The patient received midazolam (10 mg) orally (PO) for premedication. General anesthesia was induced via mask with sevoflurane in oxygen. Fentanyl (50 µg) in incremental doses and cisatracurium (1 mg) IV were administered. The patient was monitored with a radial arterial line and standard noninvasive monitors. The induction was well tolerated.
After being positioned prone, the patient developed severe hypotension. The systolic blood pressures decreased from the high 80s to 90s after induction when supine to the 20s almost immediately upon turning prone. The patient received IV crystalloid (40 mL/kg total), ephedrine (3 mg total), and phenylephrine (40 µg total), and was returned to the supine position. His blood pressure then returned to baseline. The surgery was aborted and the patient was transferred to the pediatric intensive care unit.

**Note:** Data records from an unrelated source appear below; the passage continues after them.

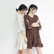 韩风春季清新款松紧一字领喇叭袖碎花雪纺连衣裙/裙子 女2色包邮
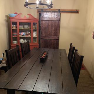 - Round open wagon wheel frame with exposed bulbs. Dark oil-rubbed bronze finish. Metal construction.
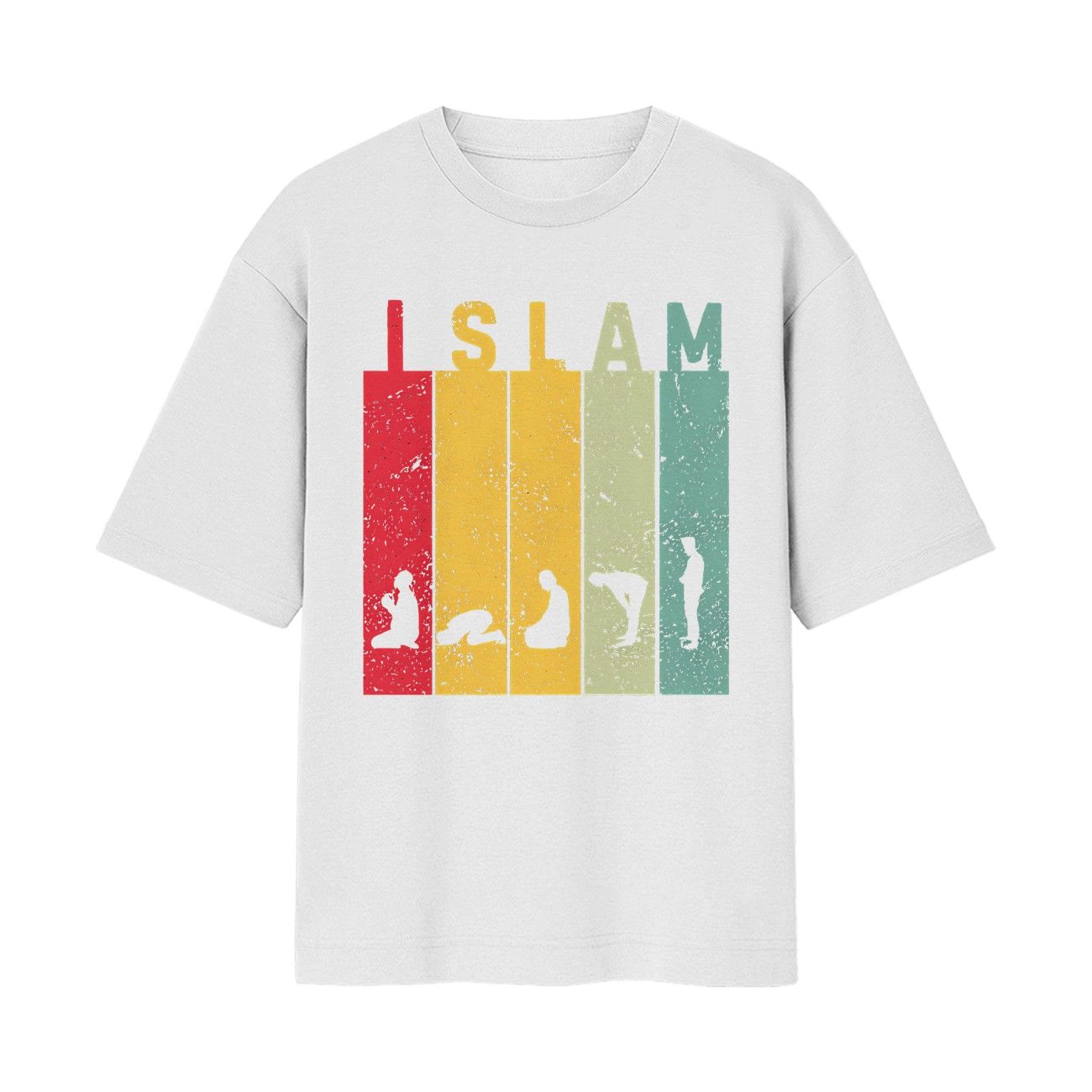 An ode to the five daily prayers, this oversized white t-shirt from Oolta Seedha blends minimalism with spiritual significance. The design features the five key positions of Islamic prayer arranged in a vertical palette, with the word “ISLAM” anchoring its essence. Soft, oversized, and made for expression, it’s your wearable reminder of submission, faith, and identity.
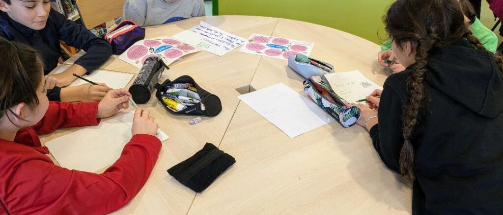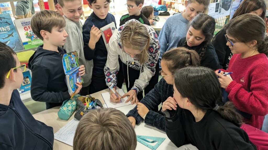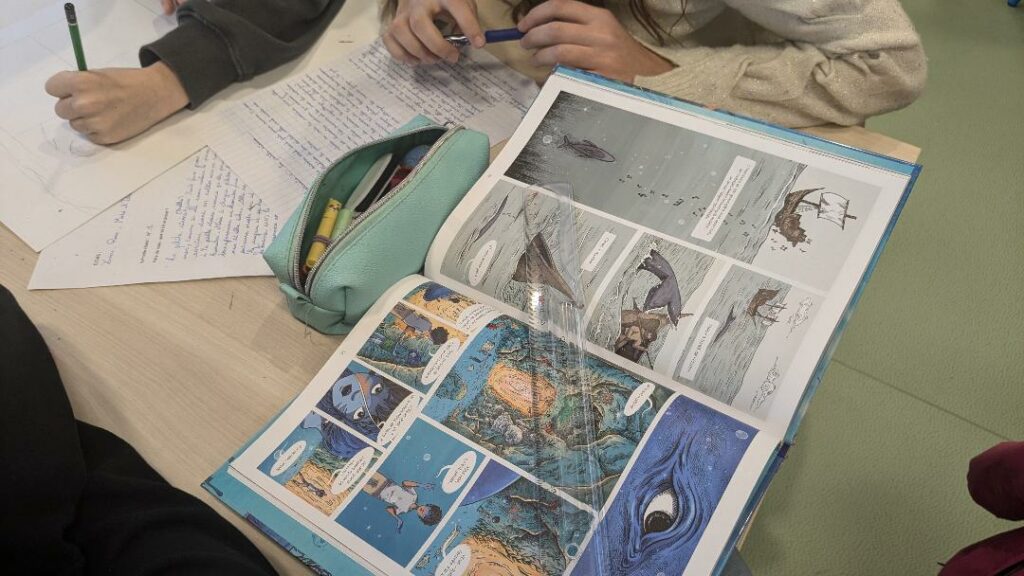 Dans le cadre du projet Océans auquel participent les élèves de 6eC (SVT, français et EMI), Séverine de La Croix, autrice jeunesse de la BD « Mission océan », présente au festival léguevinois, est venue prêter main forte mardi 4 février dernier dans l’écriture d’un scénario de bande dessinée ayant pour mission de sauvegarder les océans.
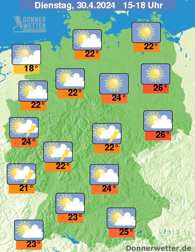In den Nachmittagsstunden zeigt sich der Himmel über der West- und Nordwesthälfte meist wolkig, dabei können lokale Schauer und Gewitter nicht ausgeschlossen werden. Im Süden und Osten ist es heiter oder sonnig, teils kann der Himmel aber durch Saharastaub getrübt sein.
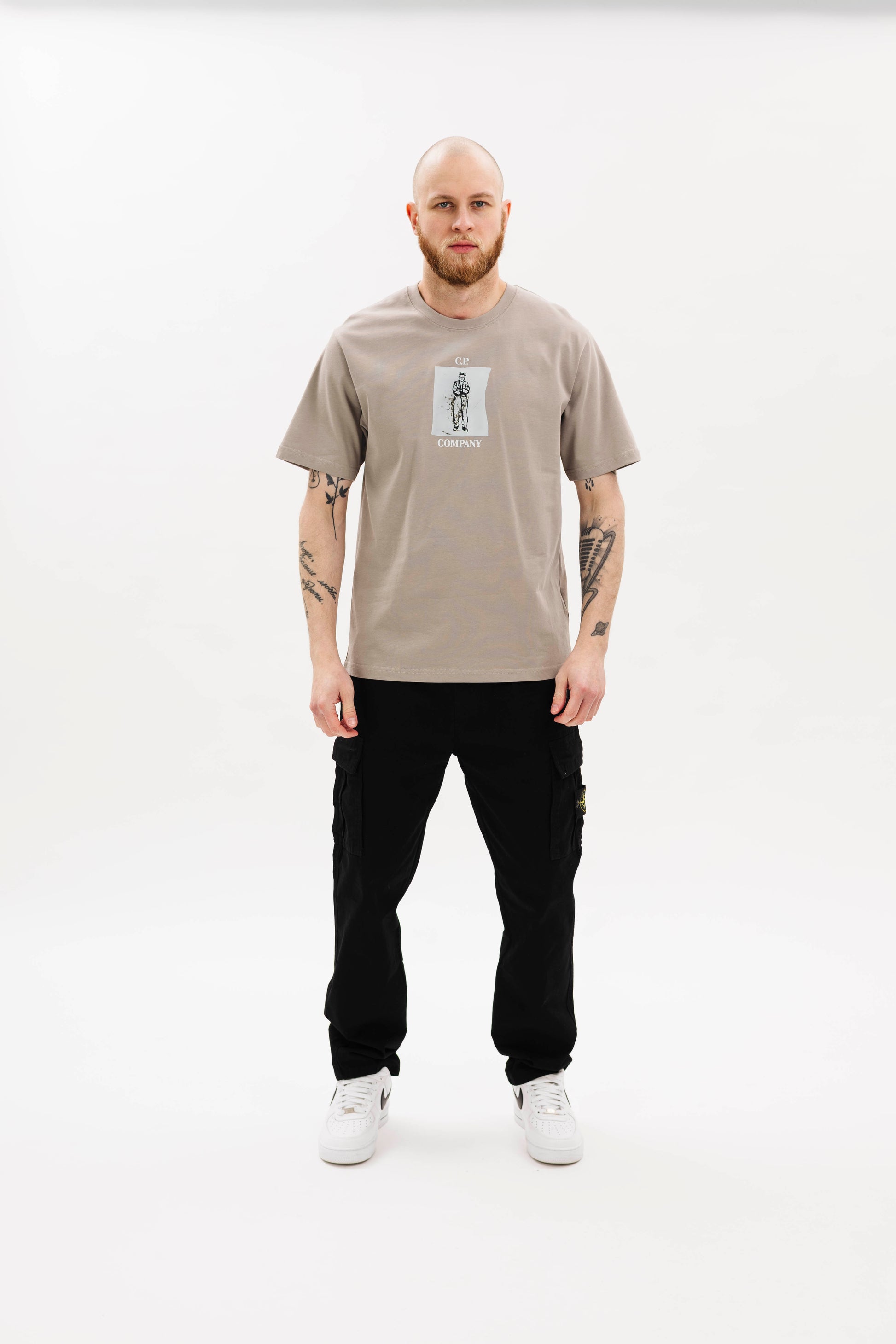 C.P. Company 30/2 Mercerized Jersey Twisted Graphic T-Shirt Grey
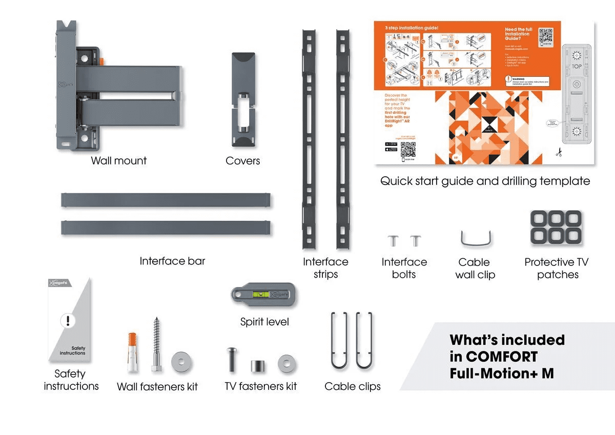 COMFORT Full-Motion+ nosilec lahko enostavno namestite sami. V paketu so predloga za vrtanje, vijaki, Fischer® DuoPower tiplci, sponke za kable in libela. Prvo luknjo označite z brezplačno aplikacijo DrillRight. Navodila so v Quick Installation Guide, podroben priročnik in video pa so na voljo online.
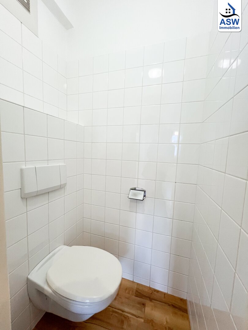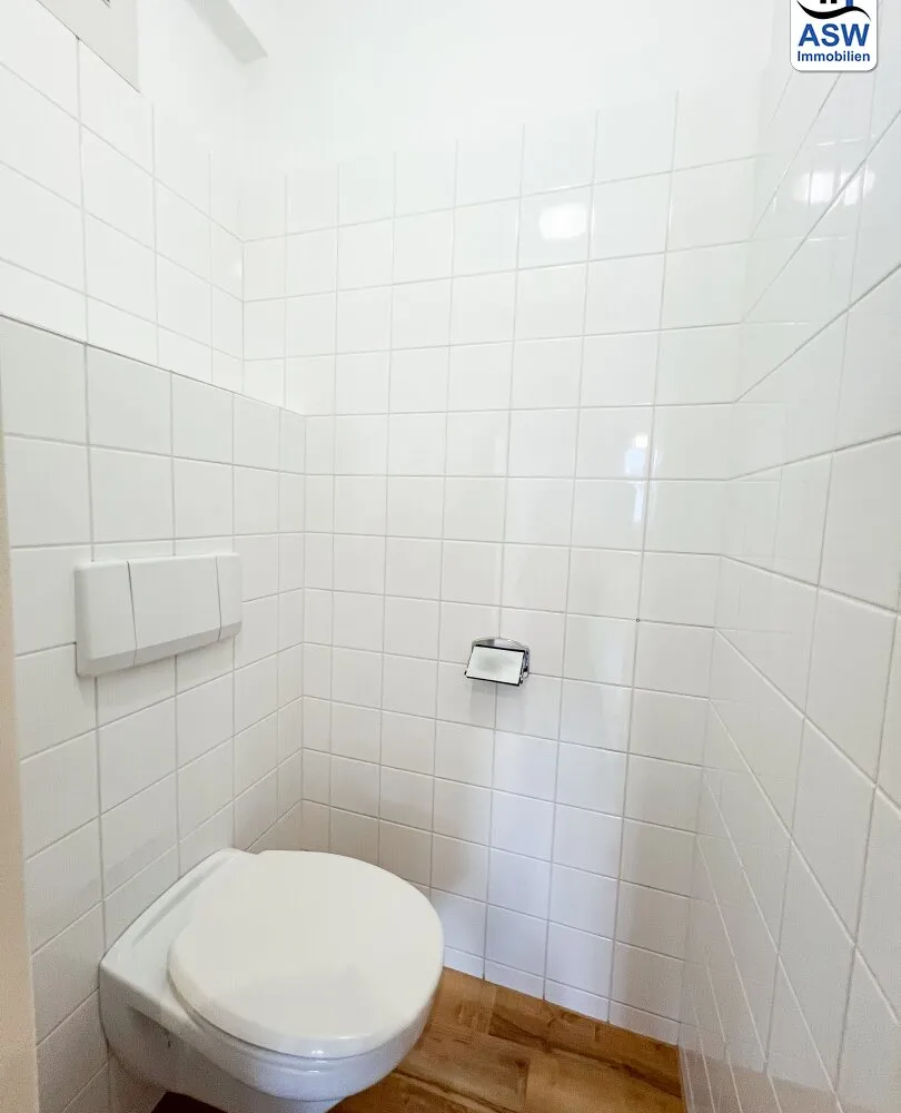 - Badezimmer mit Badewanne, WC und Waschmaschinenanschluss
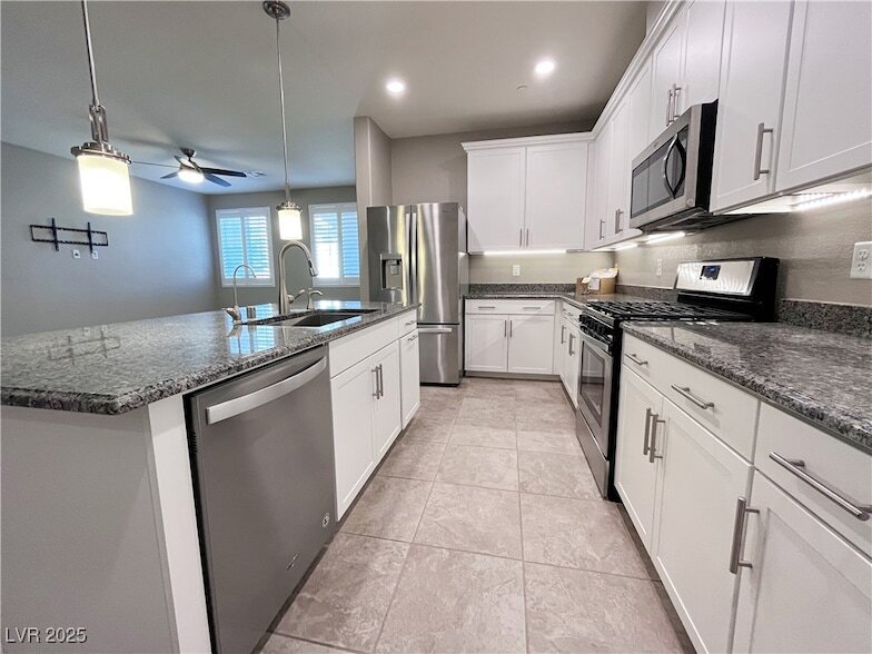 This modern two-story offers a spacious open layout with a large kitchen island, stainless steel appliances, and plenty of cabinet storage. Enjoy upgraded shutters throughout, stylish two-tone paint, and a mix of tile and plush carpet flooring. Every room features upgraded ceiling fans, and the home includes a water softener for added comfort. A 2-car garage rounds out this move-in-ready property in one of Henderson s most desirable communities of Inspirada: community Pools, Parks, and amenities.
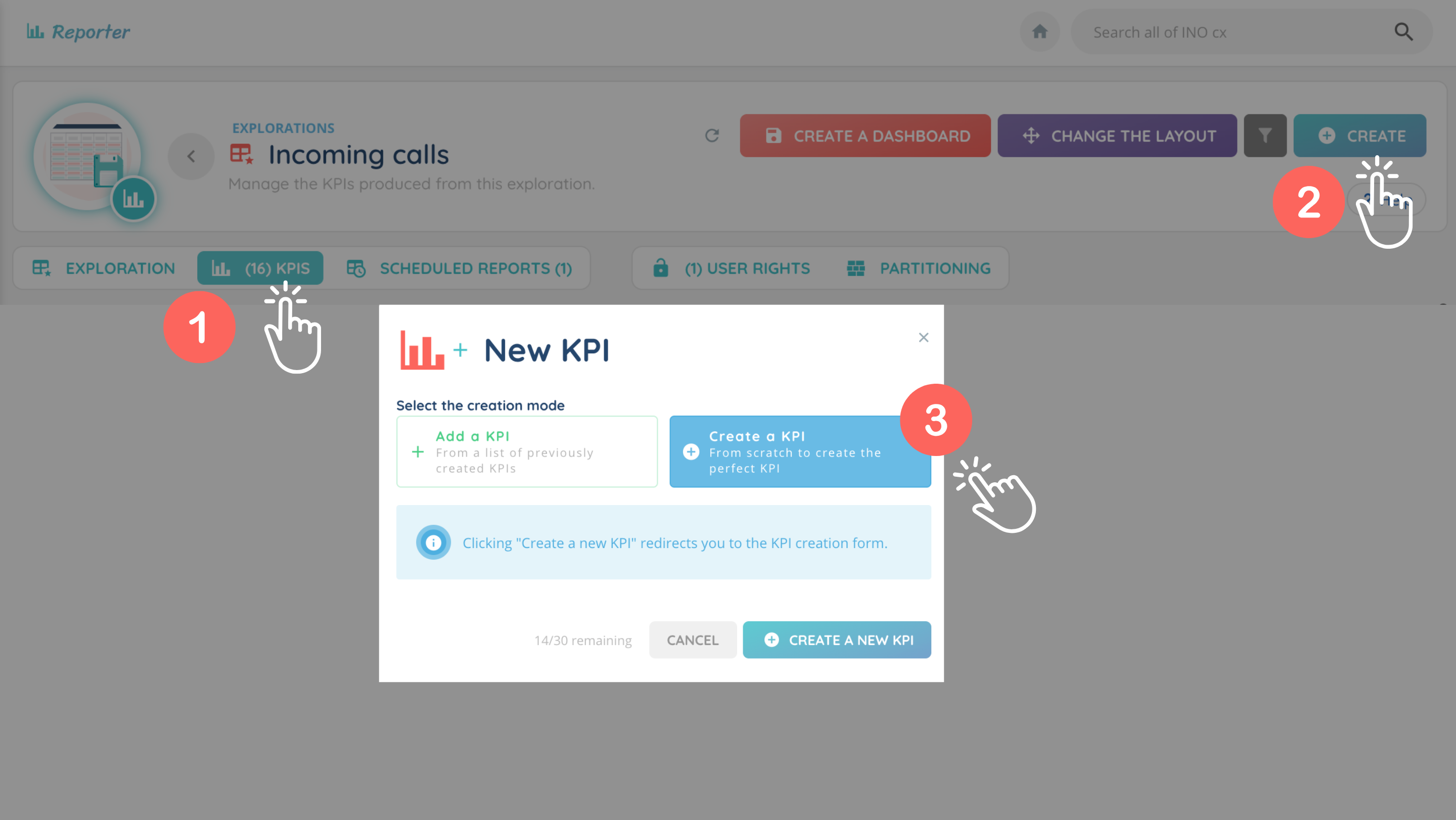 To access calculated data, you need to open an exploration, KPIs tab, then click ‘Create a KPI’.
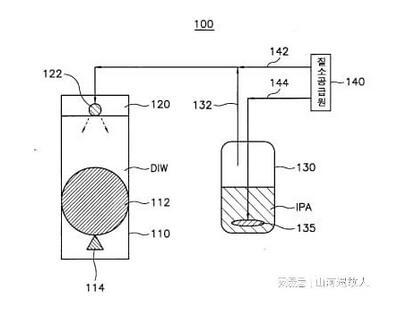 參照?qǐng)D3,在所述引擎蓋的底面上形成了用于破斷移至所述殼體上部的晶片的系合槽。所述系合槽用于使已完成干燥工藝的晶片與所述殼體分離;該小定位置形成了一個(gè)噴射孔,該噴射孔將從上述散裂器噴射的異丙基醇蒸氣引導(dǎo)到上述殼體內(nèi)。
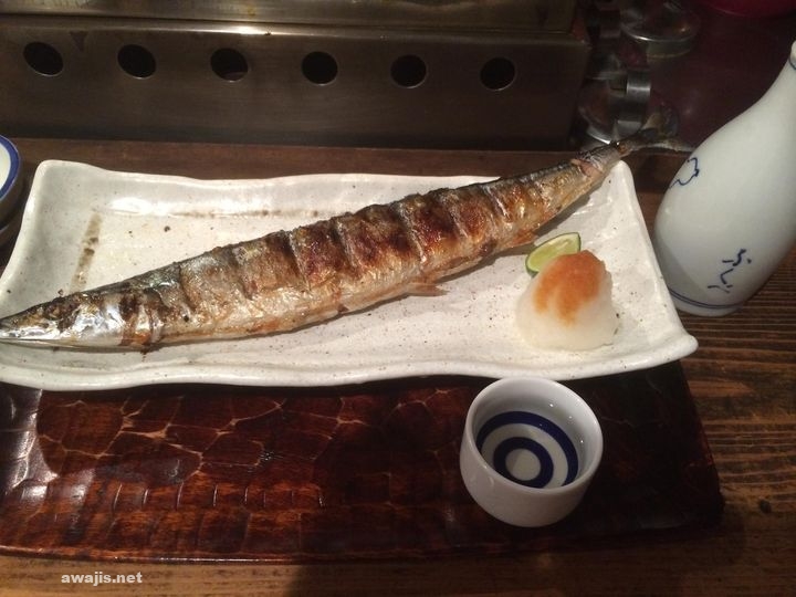 ふくべにて、いつものぬる燗をお願いすると、大将が張り紙を指さしながら「今日から始めました」ってんで、言うなりに初物の秋刀魚。
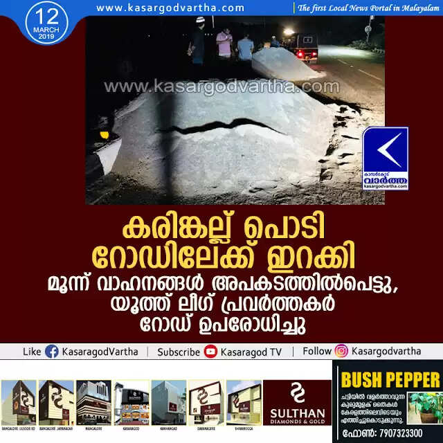 കരിങ്കല്ല് പൊടി റോഡിലേക്ക് ഇറക്കി; മൂന്ന് വാഹനങ്ങള് അപകടത്തില്പെട്ടു, യൂത്ത് ലീഗ് പ്രവര്ത്തകര് റോഡ് ഉപരോധിച്ചു

Subsequently, a MRI was obtained that revealed large paraspinal, posterior mediastinal, and retroperitoneal confluent masses that increased substantially from the previous MRI. The masses were displacing and encircling the great vessels in the upper abdomen and the aorta at the level of the arch. Transthoracic echocardiography showed a dilated inferior vena cava that was displaced to the right. The typical appearance of mild compression of the right ventricle seen with pectus excavatum was also evident.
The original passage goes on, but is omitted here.